DIRECTIONS:
Return the listing below unchanged, except that the pictures are dropped.

STORED DATA:
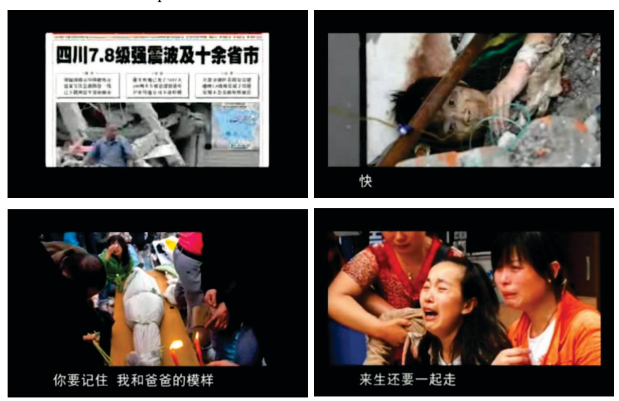
Figure 4: Still images from YouTube video poem version of "Haizi, kuai zhua jin mama de shou" 《孩子快抓紧妈妈的手》 ("Child, Quickly Grab Hold of Mama's Hand") posted May 19, 2008 by bibiex, https://www.youtube.com/watch?v=GeibnWyQfc8

uploaded to the Internet and broadcast on television."64 These videos often included background music, and they were frequently accompanied by subtitles carrying the poetic text and image collages of often graphic news media images of victims of the earthquake.<sup>65</sup>
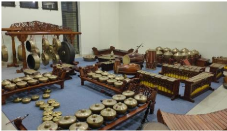
Figure 7. Musician training studio

There are 4 musical instruments brought by Cambodian musicians, this is interesting because it combines musical instruments from Indonesia and Cambodia. For Myanmar itself, there was only one musician and he played a musical instrument from Indonesia because he didn't bring his instrument. Live practice began by first harmonizing musical instruments from Cambodia and musicians from Myanmar who adapted to their own musical instruments.

EXERCISE ANSWER:
Figure 4: Still images from YouTube video poem version of "Haizi, kuai zhua jin mama de shou" 《孩子快抓紧妈妈的手》 ("Child, Quickly Grab Hold of Mama's Hand") posted May 19, 2008 by bibiex, https://www.youtube.com/watch?v=GeibnWyQfc8

uploaded to the Internet and broadcast on television."64 These videos often included background music, and they were frequently accompanied by subtitles carrying the poetic text and image collages of often graphic news media images of victims of the earthquake.<sup>65</sup>
Figure 7. Musician training studio

There are 4 musical instruments brought by Cambodian musicians, this is interesting because it combines musical instruments from Indonesia and Cambodia. For Myanmar itself, there was only one musician and he played a musical instrument from Indonesia because he didn't bring his instrument. Live practice began by first harmonizing musical instruments from Cambodia and musicians from Myanmar who adapted to their own musical instruments.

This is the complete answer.